Saturday, July 25, 2015

Saturday Morning Cult-TV Blogging: ElectraWoman and DynaGirl: "Ali Baba" (October 23, October 30, 1976)


In “Ali Baba,” Lori (Deidre Hall) and Judy (Judy Strangis) are covering a scientist’s convention when they receive word from Frank (Norman Alden) in the Electra-Base that a noted Russian scientist, Namakov, has vanished along with his plane.

This is a terrifying development, because the professor was carrying his new “Metamorphis” formula with him.  This chemical can turn people and animals into their opposites.  A gentle person will become aggressive, and so on.

ElectraWoman and DynaGirl soon discover the truth.  The professor and his formula are now in the hands of the evil supervillain, Ali Baba (Malachi Throne) and his minion, a Djinni (Sid Haig).

This evil duo captures DynaGirl and utilizes the Metamorphis formula on her, transforming the energetic and kind young woman into the most evil of super-villains. 

Worse, with her knowledge of Crime Scope, Electra Base and the Electra Comps, DynaGirl could help Ali Baba take over the world.

The fate of Earth will be decided in the "final showdown" between ElectraWoman and DynaGirl.


Bolstered by a terrifying, go-for-broke performance from series co-start Judy Strangis, “Ali Baba” is another solid episode of this campy superhero series of the 1970s.  

In this story, DynaGirl is possessed by evil, and promptly makes for the most memorable and wicked of the series’ super villains thus far.  Her choices as a performer here aren't subtle or nuanced, but -- sheesh -- they're effective!  

Strangis goes bug-eyed and wears a malevolent ear-to-ear, toothy grin for her scenes as the corrupted DynaGirl. Her energetic performance is also boosted by weird pancake make-up that gives her face a ghostly, life-less tenor.  In short, this iteration of DynaGirl is really, truly, creepy.



Even Ali Baba himself is impressed.  “You’re more evil than I dared hope for,” he says to Dyna Girl, surprised.

It’s funny to consider that “Ali Baba” also features great character actors Sid Haig and Malachi Throne, in guest-starring roles…but that a little pig-tailed performer, Strangis, effectively steals the show.



“Ali Baba” also succeeds to the degree it does because the episode feels surprising, and once more, not simply formulaic. 

When ElectraWoman is threatened with being buried alive (in a chamber rapidly filling with sand…), she attempts to use her ElectraComp. 

But DynaGirl -- pretending to be her sweet self -- calls Frank in ElectraBase and tells him to de-activate it; that ElectraWoman is the one who has been changed. Thinking nothing is amiss, he complies.

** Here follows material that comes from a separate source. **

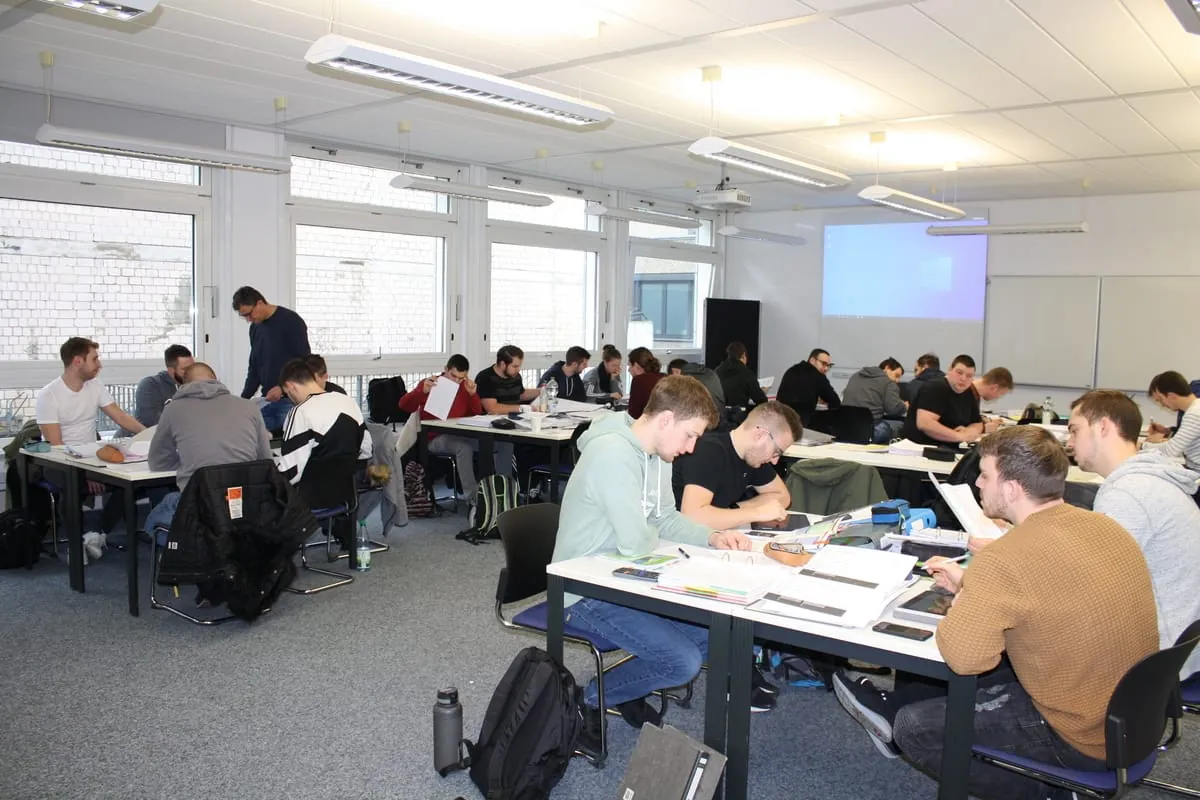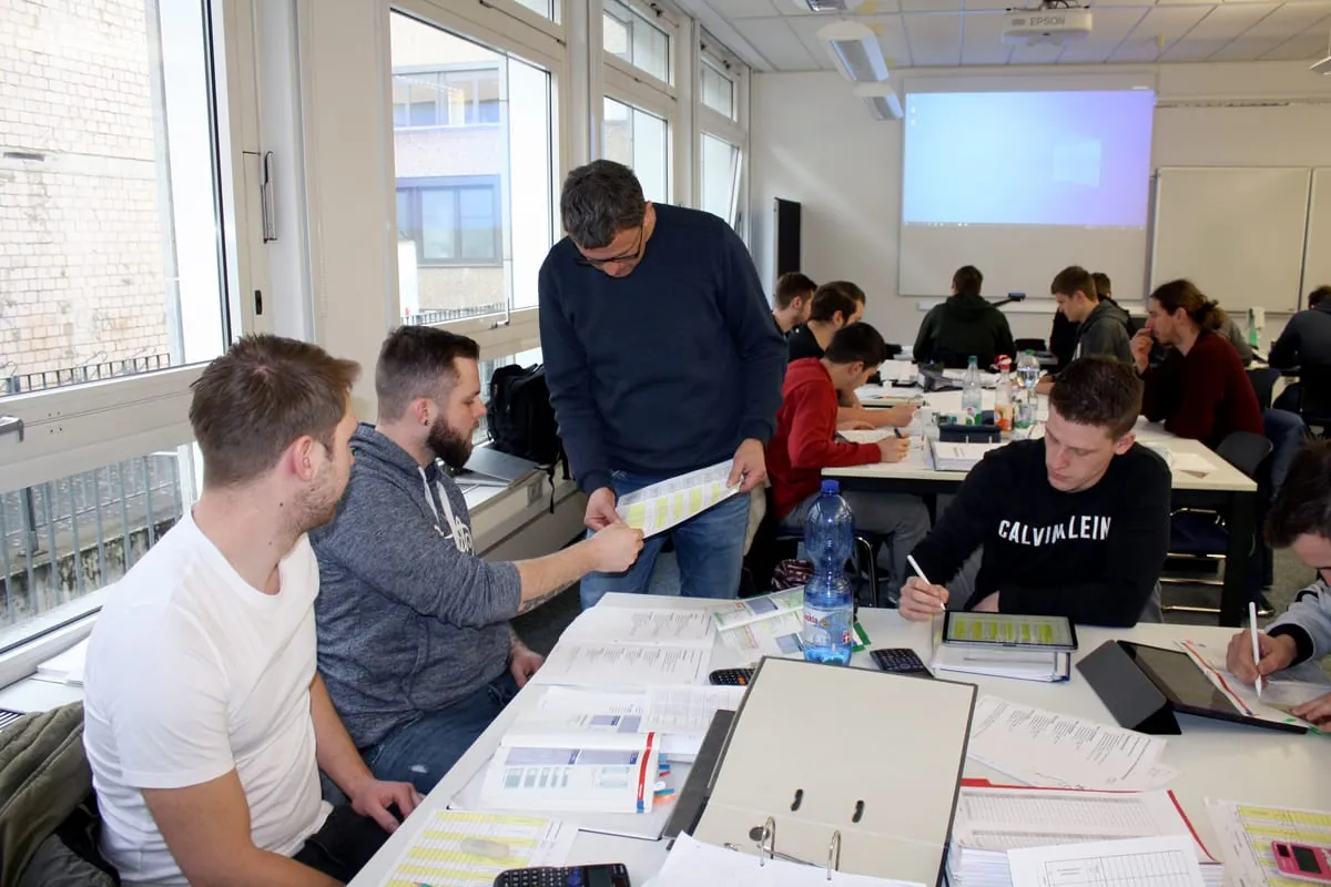In dem Klassenraum in der Würzburger Zellerau ist es ruhig. Lediglich leises Kratzen von Bleistiften über das Papier und hin und wieder das Verschieben der Lineale und Zeichenformen ist zu hören. Etwas über 20 Schüler sitzen hier hochkonzentriert und zeichnen: Rohrleitungen, Elektroleitungen, Anschlüsse an verschiedensten Geräten, Ableseinstrumente und Ventile. Sie alle wollen Meister ihres Fachs werden, in diesem Fall Sanitär-, Heizungs- und Klimatechnik (SHK).

Since, as I also noted last week, the ElectraComps are basically crutches for the series writers, this development makes the episode feel more dangerous than usual. 

There’s a feeling, at times, that ElectraWoman has been outmaneuvered, betrayed by her sidekick and most trusted friend.  The final showdown isn't much more than ElectraWoman and DynaGirl shooting beams at each other with their ElectraComps, but the final battle still feels epic...at least if you love Saturday morning TV shows of the 1970s.